PPC, a Delaware corporation, is one of the world’s largest suppliers of chicken and processed chicken products. The heart of PPC’s operations is its network of chicken processing facilities located in the Southeast United States, from which it produces chicken for four primary product markets: (1) prepared chicken foods, (2) fresh food service, (3) retail or case-ready chicken, and (4) commodity chicken. PPC does not actually raise the chickens processed by these facilities, instead relying upon the husbandry services of dozens of local chicken growers. Under its Poultry Grower Agreements with chicken growers, PPC provides the chicks, feed, and other supplies, and the chicken growers provide the facilities and labor necessary to raise the chickens.
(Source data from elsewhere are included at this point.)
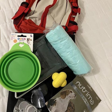 Hund set med reservation vatten skål och mindre reflexväst strl L i Åmål
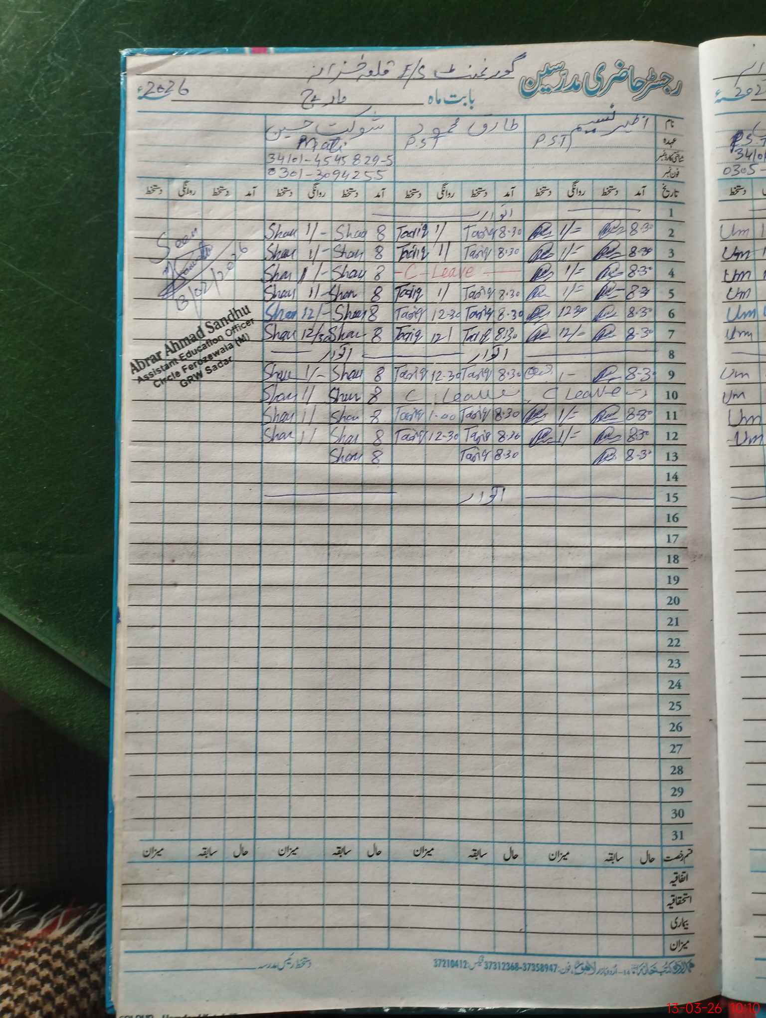 | Name: MU**** Ra**** Designation: (School Headmaster's/Headmistress's) EST Phone/Cell Number: 03**** |
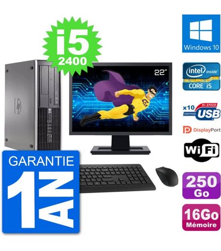 PC HP Compaq 6200 Pro SFF Ecran 22" i5-2400 RAM 16Go 250Go Windows 10 Wifi
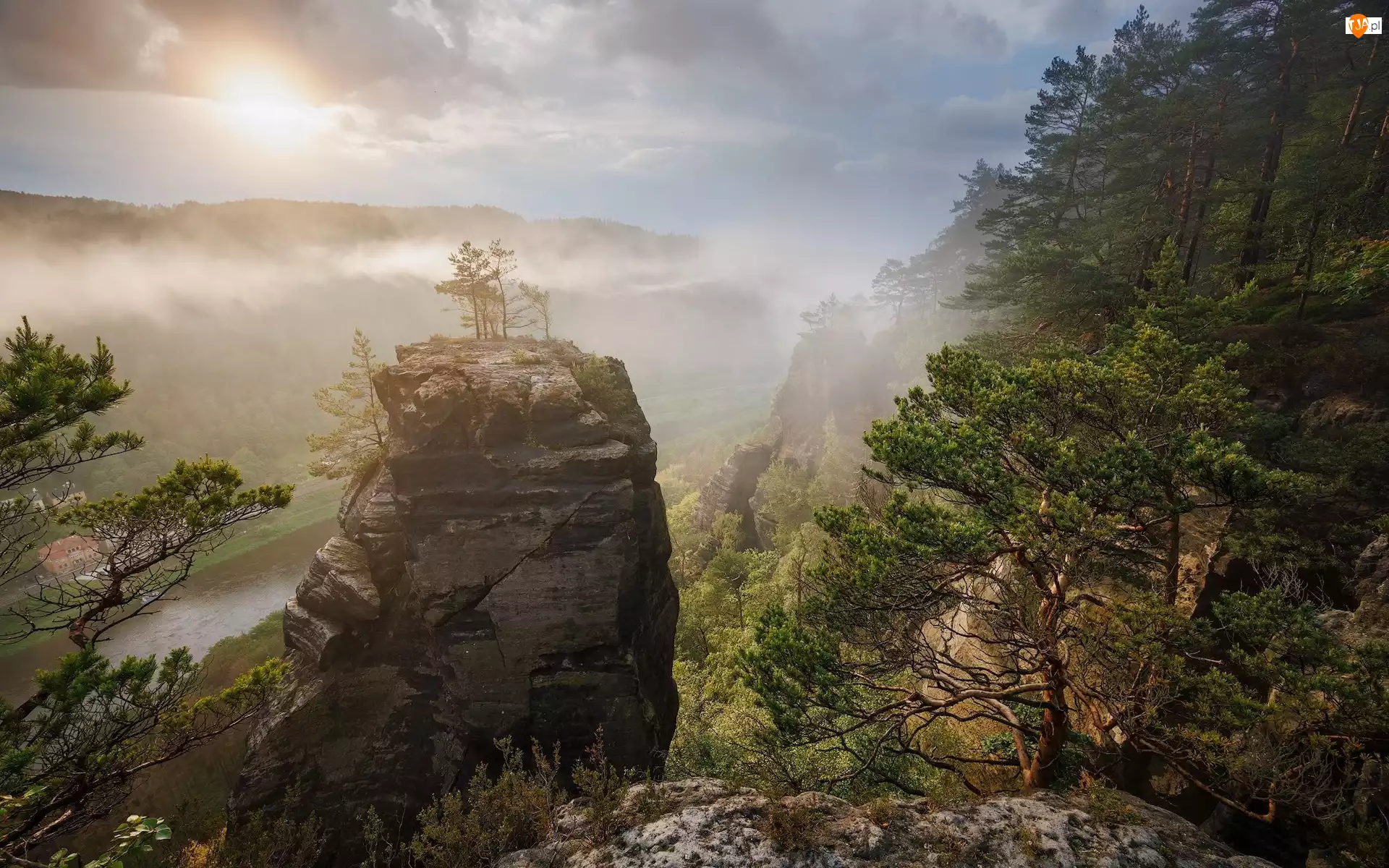 Czechy, Połabskie, Labska Stran, Mgła, Drzewa, Rzeka, Łaba, Góry, Skały

Facing severe economic difficulties in 2008, PPC ceased profitability and began losing substantial amounts of money. The primary reason for PPC’s mounting financial problems appeared to be the company’s over-extension into the commodity chicken market, of which PPC held an estimated 50% market share. When PPC evaluated its operations, it concluded that it was unnecessarily producing a surplus of commodity chicken at great cost to itself. In an effort to stem its losses and streamline operations, PPC closed or idled several processing and distribution facilities, divested assets, restructured supply contracts, and laid off a number of employees. However, these measures proved ineffective and PPC ultimately filed for Chapter 11 bankruptcy relief in December 2008.
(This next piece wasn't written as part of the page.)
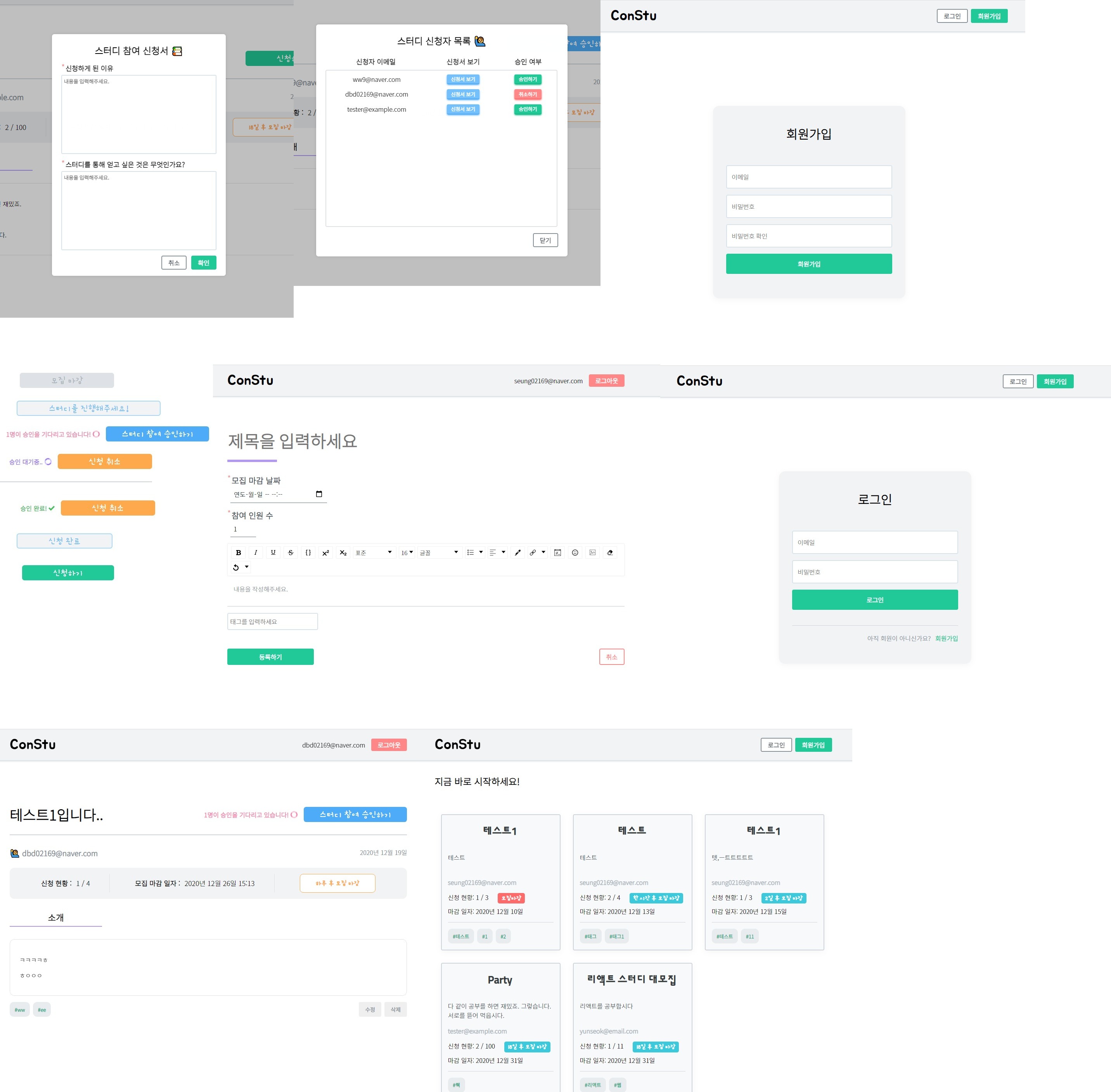 - ๊ธฐ๋ฅ์ผ๋ก๋ ๋ก๊ทธ์ธ, ํ์๊ฐ์ , ์คํฐ๋ ์๊ฐ๊ธ ์์ฑ, ์์ , ์ญ์ ์ ์คํฐ๋ ์ ์ฒญ์ ๋ฐ๋ฅธ ์ฌ์ฉ์ ์ํ ๋ฑ์ ๊ตฌํํ๋ค.

One of the PPC facilities most affected by the company’s financial challenges was its El Dorado, Arkansas, processing complex. Identified as a potential candidate for strategic decommission, the El Dorado facility struggled with high operating costs, poor performance, and low-margin operations focused on commodity chicken. PPC hoped that by divesting itself of underper-forming and unprofitable assets producing commodity chicken, it could increase profitability while de-emphasizing its position in a riskier market. By reducing PPC’s output and the surplus supply of commodity chicken, it is also alleged that PPC hoped commodity chicken prices would stabilize at a higher equilibrium price.

After PPC filed for bankruptcy, it received approval from both the bankruptcy court and the unsecured creditors committee to idle or sell three of its processing complexes, including the El Dorado facility. PPC was unable to solicit an offer that even approached the El Dorado facility’s appraised value, and the facility was officially idled in May 2009. As a result of the facility’s closure, the husbandry services of some 163 contract chicken growers were no longer needed, and PPC rejected all related Poultry Grower Agreements.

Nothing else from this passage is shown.